Aus dem Bereich der Kleingärtner sind Gartenzwerge nicht wegzudenken, und figürliche Skulpturen aus der Märchenwelt sind auch ein Thema bei Anna Rispolis (*1975 Bassano del Grappa) Arbeiten, die sich im Rahmen der darstellenden und bildenden Kunst bewegen. Die Künstlerin beschäftigt sich in ihrer Installation „Nicht alle Geschichten sind erzählt...“ mit den bekannten Märchenfiguren des Bildhauers Gorch Wenske. Die Figuren sind seit Jahren Teil der Gärten der Welt und für viele Besucher dieses Ortes symbolträchtig. Die Künstlerin verliebte sich in sie und installierte einen eigenen Märchenwald für Schneewittchen, den kleinen Muck und viele andere. Doch bevor das geschah, ließ sie die Figuren noch an Lebenserfahrung sammeln - sie überreichte sie an Paten aus dem Bezirk, welche ihnen den Winter über ein Zuhause gaben. Dabei interessierte sich Rispoli für die Geschichten der Paten - seien es Privathaushalte oder öffentliche Schauplätze, an denen die Märchenfiguren einen Platz fanden. Die Erzählungen verarbeitete sie in Songs - Gesang, Klang, Instrumente. Entstanden ist ein verwunschener kleiner Fleck, ein Märchenwald, mit Figuren, die von einem Klangteppich umhüllt werden.

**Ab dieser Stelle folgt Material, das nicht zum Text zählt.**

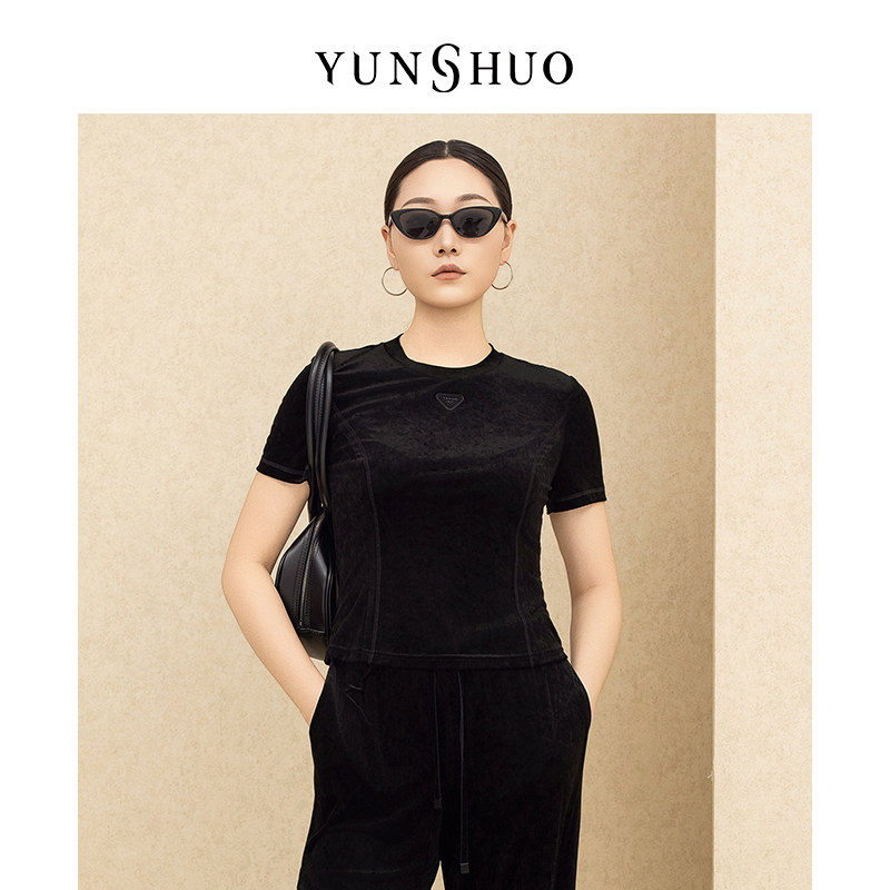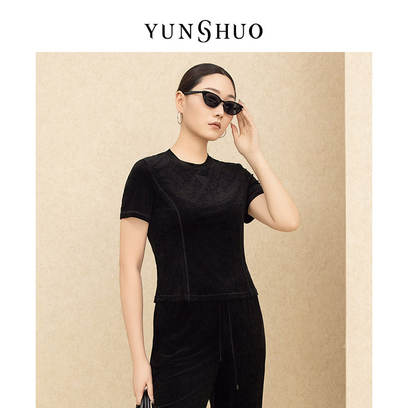 为您提供商品允硕秋夏新品 百搭圆领黑色丝绒T恤短袖 套头女修身 上衣345192 时尚的详细介绍,
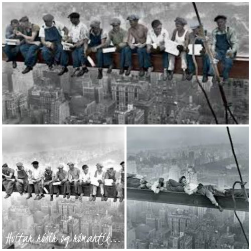Þessa „lituðu“ mynd langar mig að fá á púða og svo ætla ég að setja „hvíldarstundina“ á annað kerti… En það hefur ekki verið í lagi hjá þessum gæjum að hanga nánast í lausu lofti eins og ekkert væri. Ég myndi allavegana ekkert vera mjög svöng í þessarri hæð… 😉
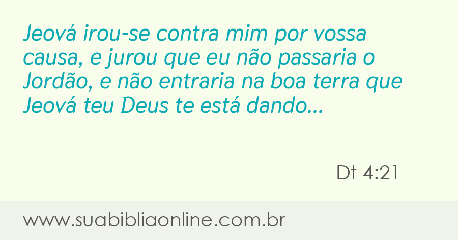 O Senhor se indignou contra mim por vossa causa, e jurou que eu não passaria o Jordão, e que não entraria na boa terra que o Senhor vosso Deus vos dá por herança;
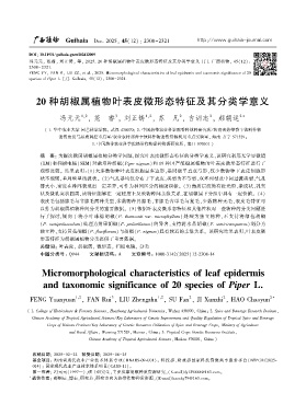 冯元元ꎬ 范睿ꎬ 刘正铸ꎬ 等ꎬ 2025. 20 种胡椒属植物叶表皮微形态特征及其分类学意义 [ J] . 广西植物ꎬ 45(12) :
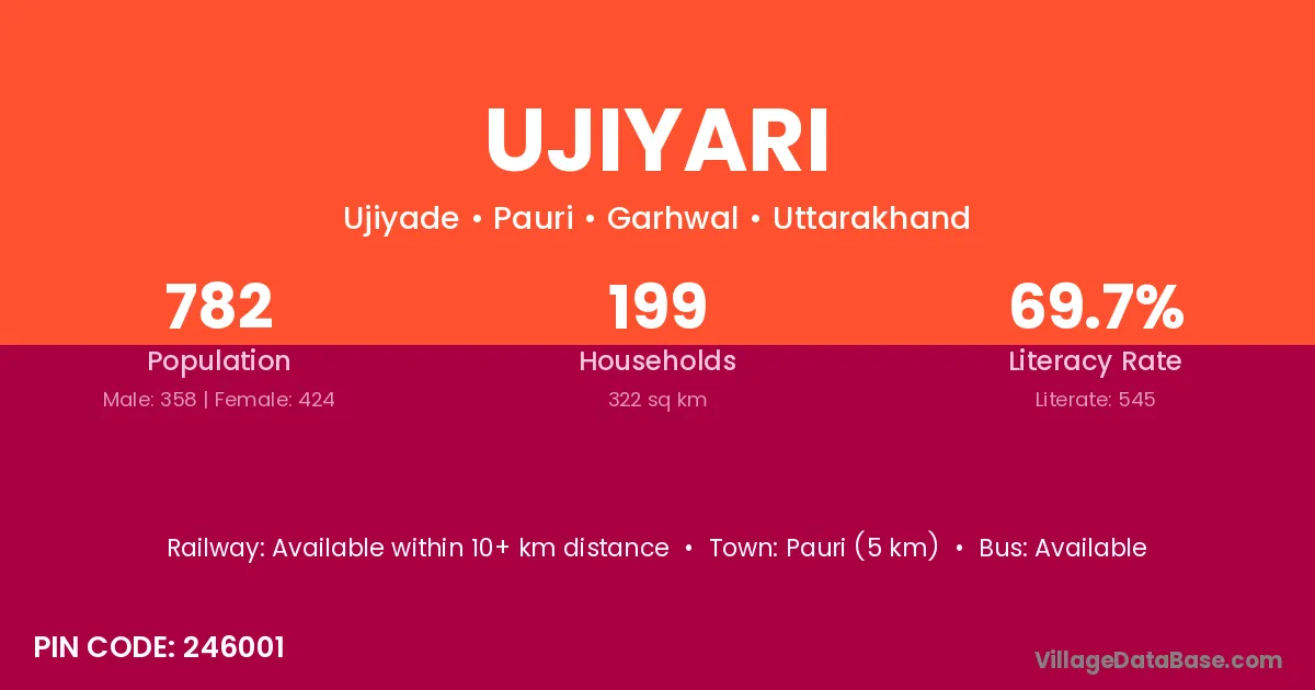 Pauri (5 km) is the nearest town to Ujiyari village for major economic activities and is located approximately 5 km away.

Zur Eröffnung installierte außerdem Michael Sailstorfer (*1979 Velden) sein Werk “Factories” am Fuße des Kienbergs: drei Bienenkästen aus Beton, jeder innen ausgestattet mit einem Skulpturenmodell. Der Verein Wuhletahl 1864 e.V. Brandenburger Imker lieh dem Künstler Bienenvölker, welche mit äußerster Vorsicht in ihr ungewöhnliches Zuhause Einzug fanden. Über Monate hinweg veränderte sich das Modell im Inneren durch den natürlichen Arbeitsprozess der Bienen, die ihre Waben um das Objekt bauten - Ende Juli wurden die Modelle aus den Bienenkästen genommen. Langsam kamen die einzigartigen Werke hervor - erste Formen zeigten sich, wie die Skulptur, die einem riesigen Handschuh ähnelt. Die Bienen haben offensichtlich Besitz von dem Skulpturenmodell ergriffen und es verformt. Als finaler Schritt werden die Ergebnisse vom Künstler übrigens in Bronze gegossen.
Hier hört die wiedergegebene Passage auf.